When I tried to compile my model it gave bunch of errors such as (although openCL is included):
g++ -std=c++1y -pthread -Wno-sign-compare -I stan/lib/stan_math/lib/opencl_1.2.8 -O3 -I src -I stan/src -I stan/lib/stan_math/ -I stan/lib/stan_math/lib/eigen_3.3.3 -I stan/lib/stan_math/lib/boost_1.69.0 -I stan/lib/stan_math/lib/sundials_4.1.0/include -DBOOST_RESULT_OF_USE_TR1 -DBOOST_NO_DECLTYPE -DBOOST_DISABLE_ASSERTS -DBOOST_PHOENIX_NO_VARIADIC_EXPRESSION -DSTAN_OPENCL -DOPENCL_DEVICE_ID=0 -DOPENCL_PLATFORM_ID=0 -DCL_USE_DEPRECATED_OPENCL_1_2_APIS -D__CL_ENABLE_EXCEPTIONS -Wno-ignored-attributes -lOpenCL src/cmdstan/main.o stan/lib/stan_math/lib/sundials_4.1.0/lib/libsundials_nvecserial.a stan/lib/stan_math/lib/sundials_4.1.0/lib/libsundials_cvodes.a stan/lib/stan_math/lib/sundials_4.1.0/lib/libsundials_idas.a /home/eval/lmockus/cmdstan-2.20.0.gpu/cliff/cliff.o -o /home/eval/lmockus/cmdstan-2.20.0.gpu/cliff/cliff
src/cmdstan/main.o: In function cl::detail::getPlatformVersion(_cl_platform_id*)': main.cpp:(.text+0x38): undefined reference to clGetPlatformInfo’
main.cpp:(.text+0x63): undefined reference to `clGetPlatformInfo’

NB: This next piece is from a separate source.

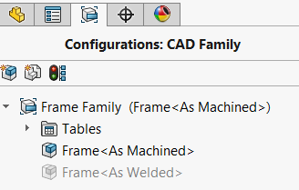 For weldments, if the "As Machined" configuration represents the final product, use that as the Physical Product configuration and save the "As Welded" configuration as a Representation. If both need to be managed separately, convert the "As Welded" configuration to a Physical Product configuration so both are represented individually on the 3DEXPERIENCE platform.
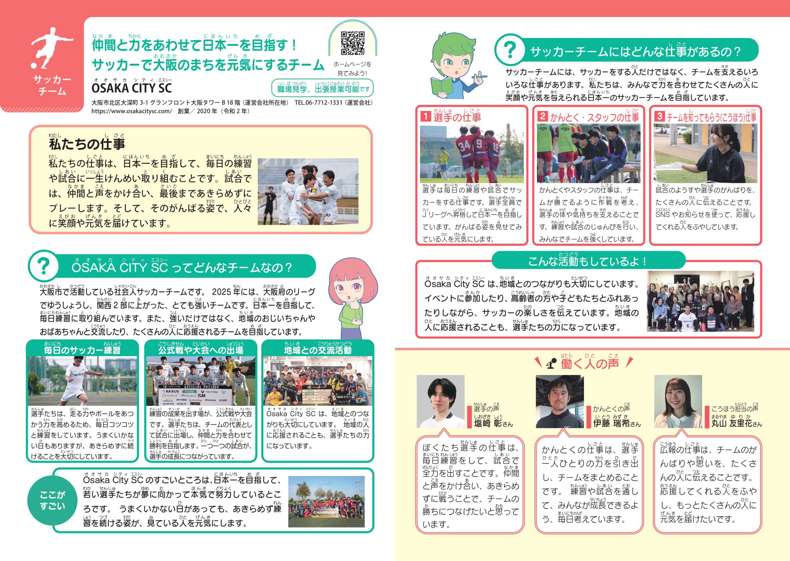 今回は、大阪市内の小学3年生に寄贈される冊子に、OsakaCitySCのお仕事内容について、掲載いただきました。

That means that the linker cant find the OpenCL library to link. Are you using Windows or Linux? On Linux that should work if you installed the driver normally. On windows you need to set a flag.
Windows flag: LDFLAGS_OPENCL= -L"$(CUDA_PATH)\lib\x64" -lOpenCL
I keep forgetting that we had a bug in 2.20, that we fixed a day or two after the release, but there was no hotfix release. The next release is coming in 9 days.

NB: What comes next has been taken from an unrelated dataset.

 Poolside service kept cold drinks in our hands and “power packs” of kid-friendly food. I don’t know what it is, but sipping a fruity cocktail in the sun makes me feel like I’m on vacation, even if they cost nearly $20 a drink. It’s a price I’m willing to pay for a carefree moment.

For the time being I would recommend cloning the latest develop (git clone --single-branch https://github.com/stan-dev/cmdstan.git --recursive). That one does require git unfortunately.
Can you share anything about the model you are trying to speed up? Thanks.
The model is in cliff.stan (3.3 KB)
It is a time series model with neural network instead of ar(1). It runs very slowly but uses matrix mult so I thought GPU might speed it up. I am also thinking about adding a threading in order to use all available cores.
There are quite a few matrix multiplications in here, so you should see some speedup here, depending on the sizes. At the moment I think you would benefit from threading more, given my quick inspection of the model. Except if the matrix multiplications are 200x200 times 200x200 or larger.
Actually it is 200x10 matrices. Refactoring into map_rect form is bit more complicated - the model is big enough already. Design matrix for each year (X.) is different for each year and the calculations have to be done year by year. Perhaps each shard should contain data for each year? I am just thinking loudly. It means that each shard should have unequal number of data points. Hopefully durable… The problem I am encountering is “trace ran beyond…” which kills sampler - I posted about it few days ago - so when it is resolved I will proceed with multithreading.